Virginia Governor Ralph Northam last week ordered the removal of the statue of Confederate General Robert E. Lee, although a judge has since blocked the order.
Protesters in Richmond, Virginia, have dropped a statue of Confederate General Williams Carter Wickham and have knocked down a statue of Christopher Columbus, burned it and threw it into the lake. Protesters have lowered Colombus laws outside the Minnesota State Capitol. Boston said it would dismantle the destroyed Columbus statue.
Philadelphia took down a statue of Frank Rizzo, a former mayor and police commissioner, and Dallas took a statue at the airport of former Texas Ranger Captain Jay Banks, both of whom critics support the act of abusing people of color.
Some universities and cities in the South changed the names of buildings and highways named after the leaders of the Confederate movement, which defended slavery. The US Marine Corps has banned public display of the Confederate flag at its facility. Birmingham, Alabama, erased the Confederate monument last week.
The statue of 17th-century slave trader Edward Colston, toppled by anti-racism protesters in Bristol, England, has been captured at the port by city authorities. The council said it had been taken to a ‘safe location’ and would end at the museum.
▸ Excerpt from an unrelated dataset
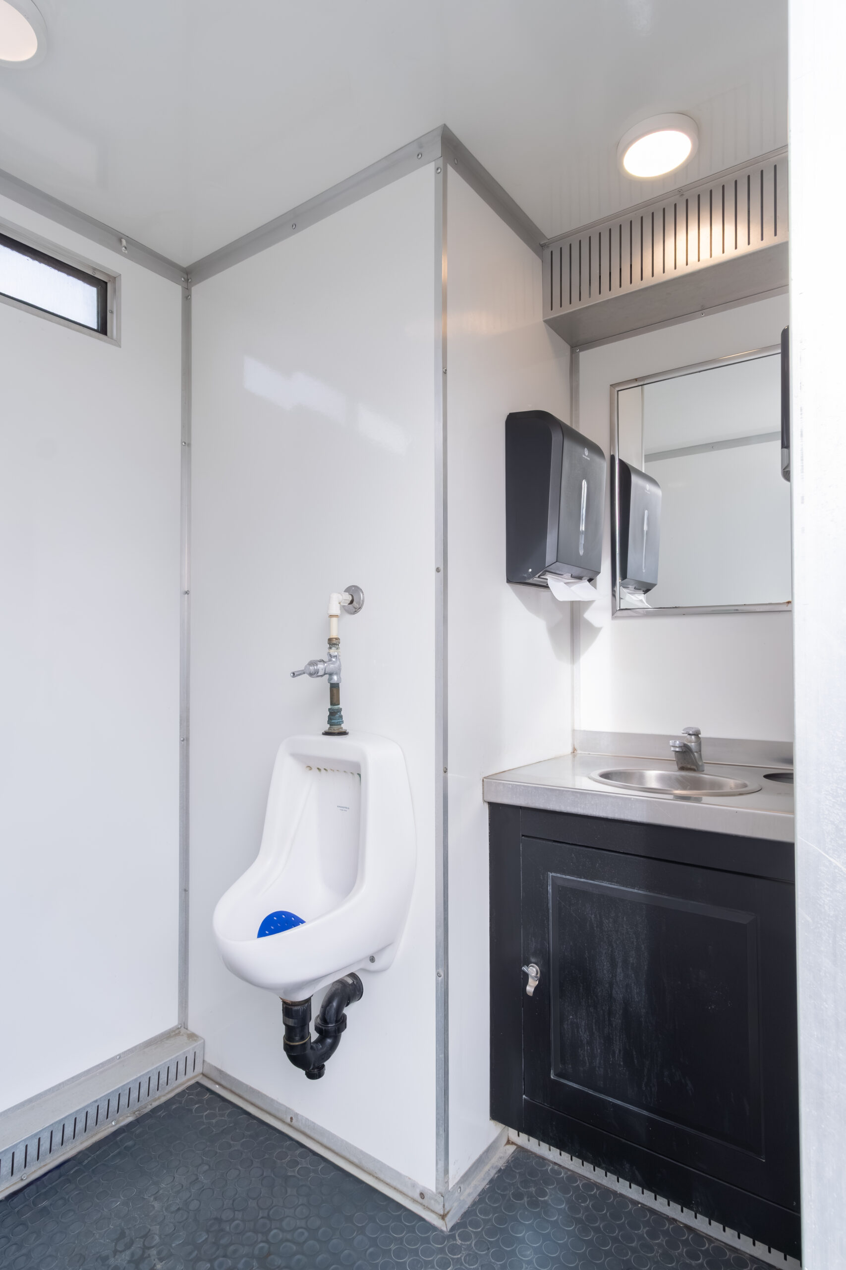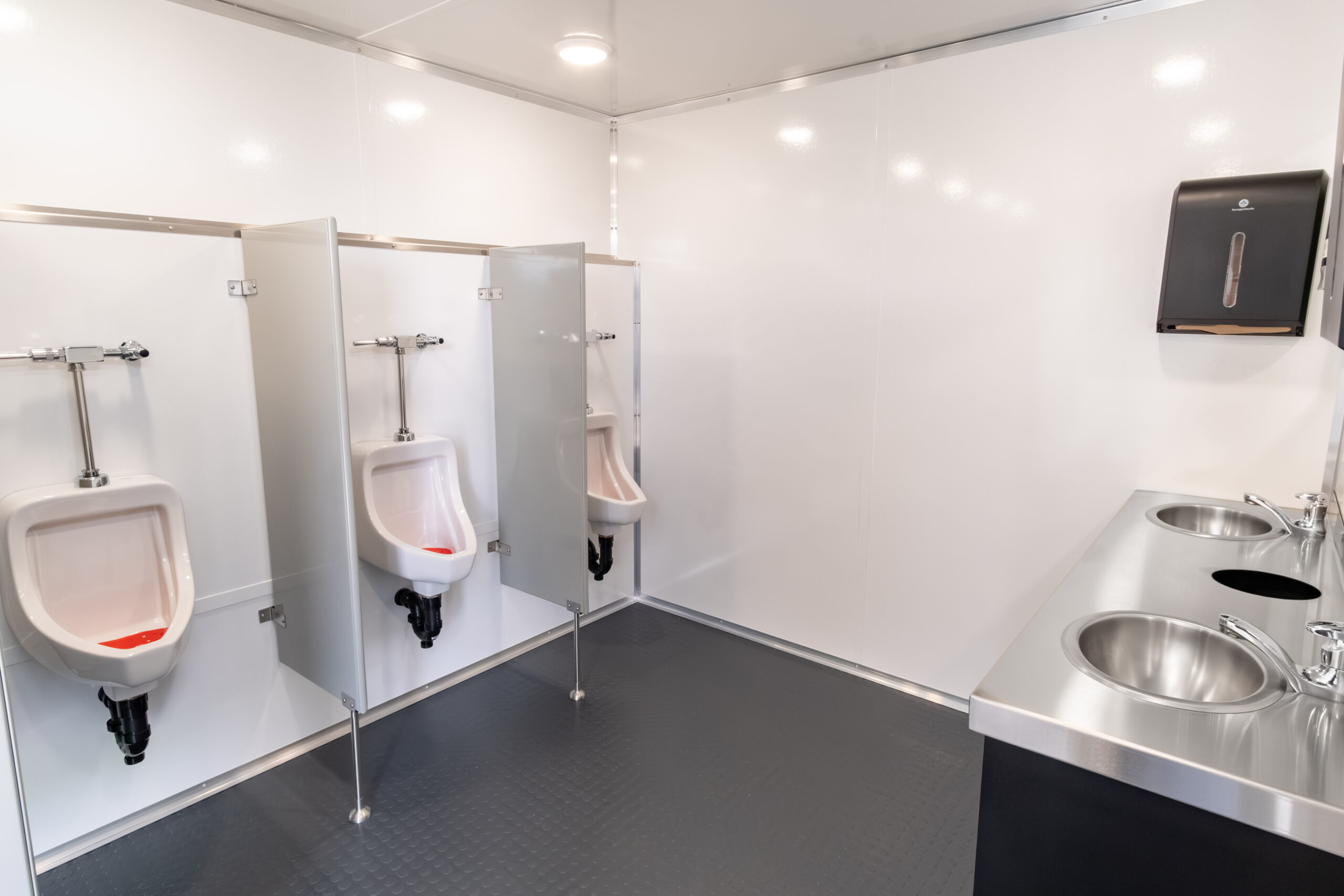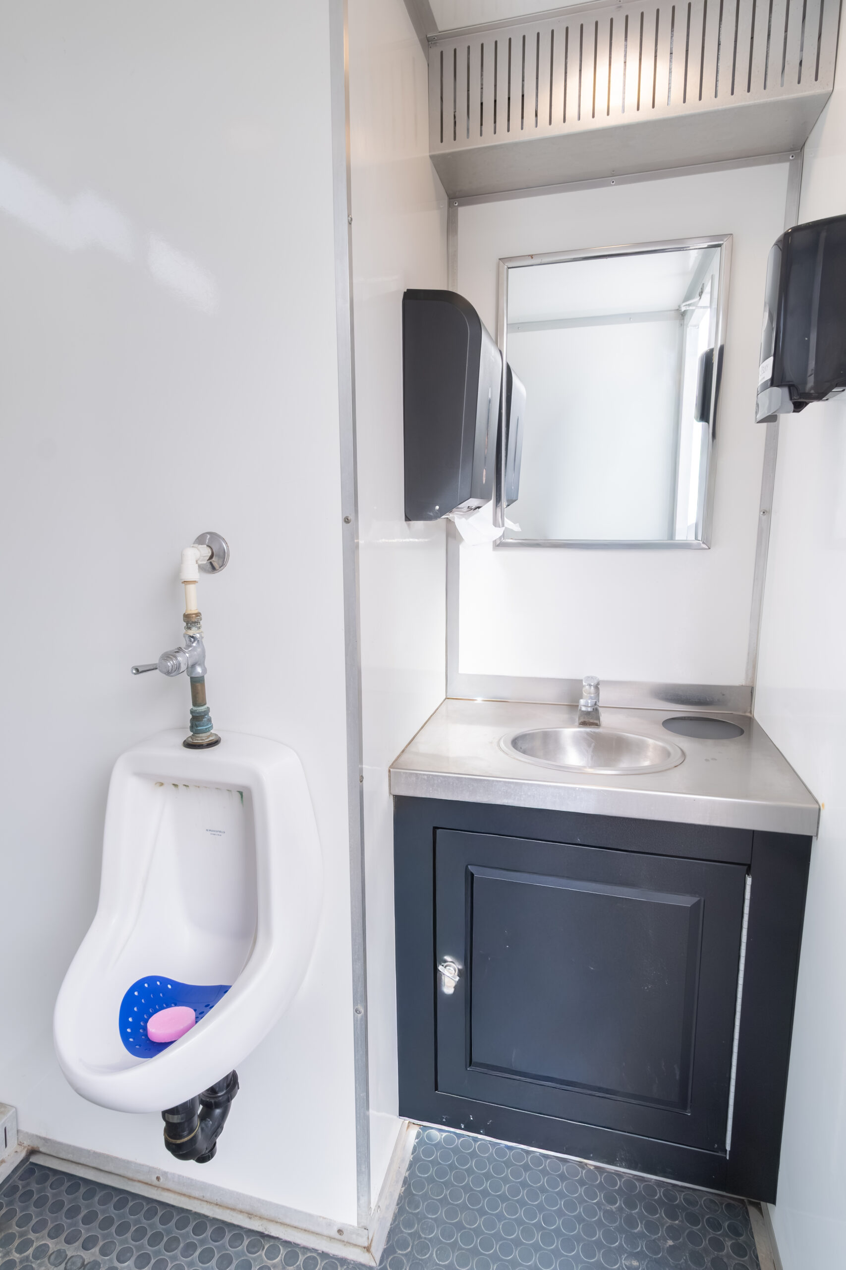 The heavy duty industrial construction makes the Triple Washroom Trailer the ideal washroom facility for any industrial or job site. Our Triple Washroom Trailer is constructed from strong, sturdy components and provides the ultimate in privacy for both female and male workers. It is the perfect choice for your construction site or mobile sales office washroom facility.

A statue of Robert Milligan, an 18th-century slave trader, was removed from its base outside the London museum.
Protesters at Oxford have called for the removal of 19th-century British colonial invaders Cecil Rhodes.
The Poole Council in southern England said it would remove the statue of Robert Baden-Powell, founder of the worldwide scouting movement.
An internet petition has been launched to remove the capital, Brussels, from the statue of Leopold II, king of Belgium. Leopold’s statues have been damaged in half a dozen Belgian cities.
In the port city of Antwerp, where much of Congo’s rubber, minerals and other natural wealth entered the country, one statue was burned and had to be removed for repair.